Brian Cary
Turrigiano Lab
“Brain state modulation of synaptic plasticity: role for sleep in homeostasis and the segregation of plasticity”
Despite the many advances in brain science, some very basic questions still remain. The role of sleep, for example, remains a puzzle. Mr. Cary’s research explores one long-held theory for the purpose of sleep, as a time for the brain to restore balance after the activity of the day.
Sleep is a widely expressed and conserved behavior across the animal kingdom. Despite its ubiquity and long history of scientific study, sleep – and more broadly the function of brain states – remains deeply mysterious. It is widely believed that a central purpose of sleep is its modulation of synaptic plasticity, however there is little agreement on the nature of this regulation. Specifically, there is disagreement on whether sleep primarily enables correlation-based plasticity mechanisms such as long-term potentiation (LTP), or homeostatic plasticity which serves the function of regulating overall synaptic strength to stabilize neuron and circuit function. One influential hypothesis, the synaptic homeostasis hypothesis (SHY), has motivated a lot of work concerning this question. SHY proposes that memories are formed during wake when animals actively sample their environment, primarily through Hebbian LTP-like mechanisms that cause a net potentiation of synapses.
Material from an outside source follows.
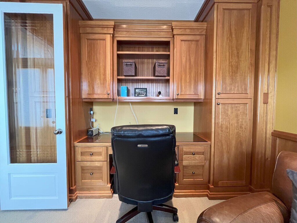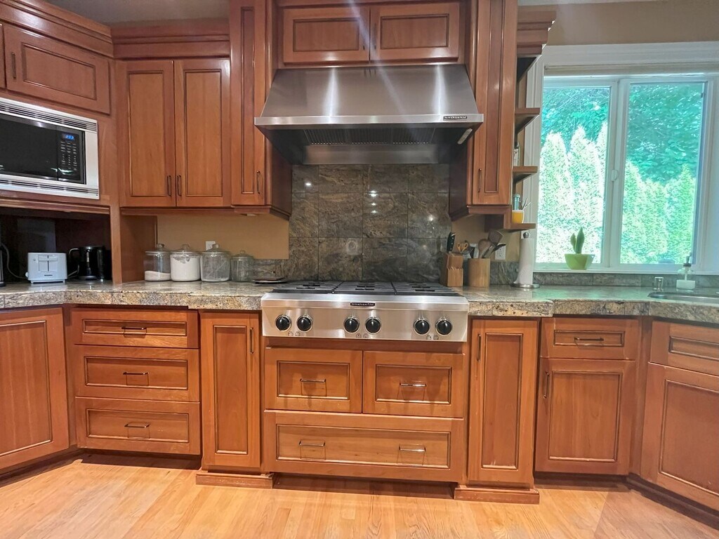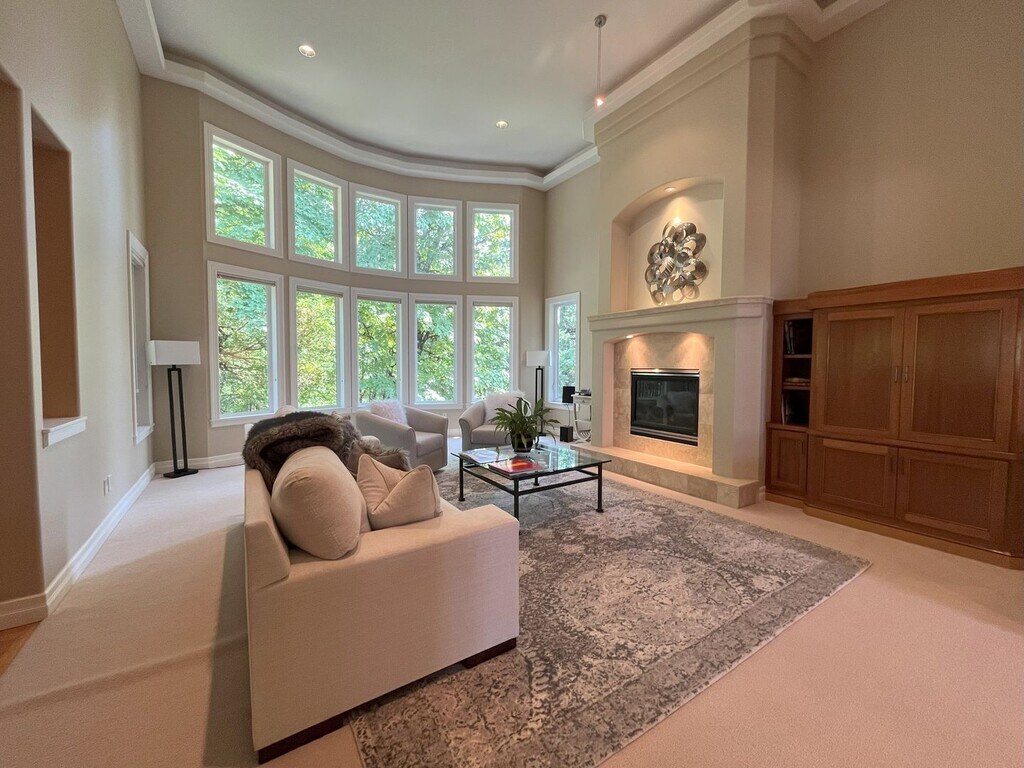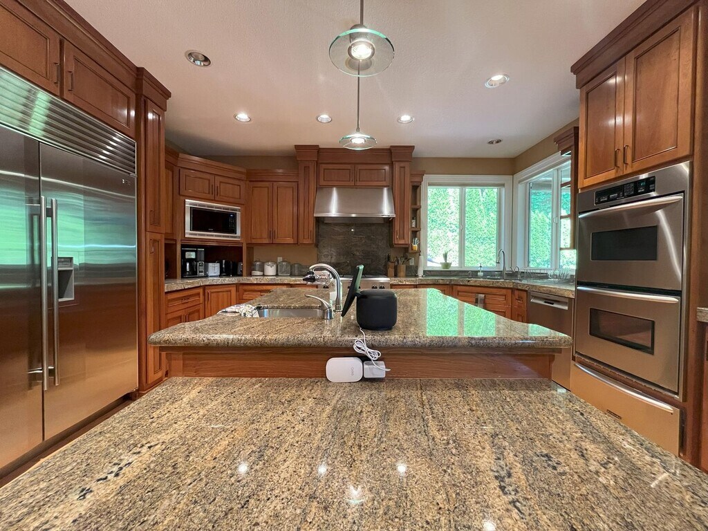 This stunning 4,463 sq. ft. two-story home offers an exceptional blend of elegance, space, and comfort. Featuring five bedrooms, three bathrooms, and multiple living areas, this residence is designed to impress both inside and out. As you arrive, you’re greeted by a beautifully landscaped front yard with lush grass, manicured shrubs, and a graceful Japanese maple tree. A covered walkway framed by pillars leads to a striking glass entry door, setting the tone for the luxury within. Inside, the thoughtful floorplan begins with a private office to the right, complete with built-in desk space, a large window, and plenty of room for an additional seating area or second workspace. Across the hall, a formal dining room offers space for a large dining table under a modern pendant light, framed by tall windows that flood the room with natural light. At the heart of the home, the expansive gourmet kitchen is a chef’s dream. It features a large island with seating, a wine cabinet, stainless steel double ovens, a six-burner gas cooktop, oversized refrigerator, deep stainless steel sink, and granite countertops throughout. Rich wooden cabinetry provides abundant storage, while a nearby breakfast nook and staging bar with a wine fridge make entertaining effortless. The adjoining living room boasts soaring ceilings and tall windows that overlook the forest, bringing the outdoors in. A cozy fireplace and built-in bookshelves add warmth and character to this grand space. The main-level primary suite is a retreat in itself, offering plush carpeting, generous proportions, a ceiling fan, and a double-sided fireplace that can be enjoyed from both the bedroom and the private spa-like bathroom. The en-suite bathroom includes a large soaking tub surrounded by natural stone tile, a resort-style walk-in shower, a dual-sink vanity with an oversized mirror, and a massive walk-in closet that conveniently connects to the laundry room. A stylish half bathroom with a vessel sink is also located nearby. Downstairs, the lower level is perfect for family, guests, or entertainment. A spacious living area with forest views, its own fireplace, and a wet bar with dishwasher creates a second hub of comfort and gathering. Four generously sized bedrooms with large closets, two full bathrooms, and plush carpeting throughout complete the lower level. One bathroom includes a single vanity and tub/shower with glass sliding doors, while the second boasts a dual vanity, extended wall-to-wall mirror, a separate makeup vanity, and a tub/shower combo. With a three-car garage, multiple fireplaces, built-in features, and breathtaking views, this home is as functional as it is luxurious. The combination of formal and casual spaces, indoors and out, makes it perfect for everyday living and hosting on a grand scale. Call or Text Our Leasing Agent to schedule a showing! English Speaking Spanish Speaking Visit our website to apply and view other homes we have available! Do you need property management services? Maximize your income and cut your costs!

This process would saturate synapses if left unopposed, and subsequent sleep is proposed to be an offline state that allows neurons to scale down synaptic strengths through homeostatic plasticity. In these experiments I have used real-time sleep/wake detection, combined with in vivo optogenetic manipulation and ex vivo slice electrophysiology to provide insight on how sleep states regulate synaptic strength and plasticity. The following experiments are a direct test of the possibility that synaptic weights oscillate across basal sleep/wake cycles, which carefully control for cell type and circadian rhythm. Interestingly, patch recording data thus far show no difference in synaptic weights after periods of wake or sleep, while in vivo data suggests a modulation of excitability by sleep but no SHY-like oscillation. If synaptic weights do not oscillate across basal sleep cycles, it is still a compelling possibility that the induction of Hebbian and/or homeostatic plasticity is modulated by sleep or wake during experience-dependent plasticity, a possibility I will be directly testing in future in vivo experiments.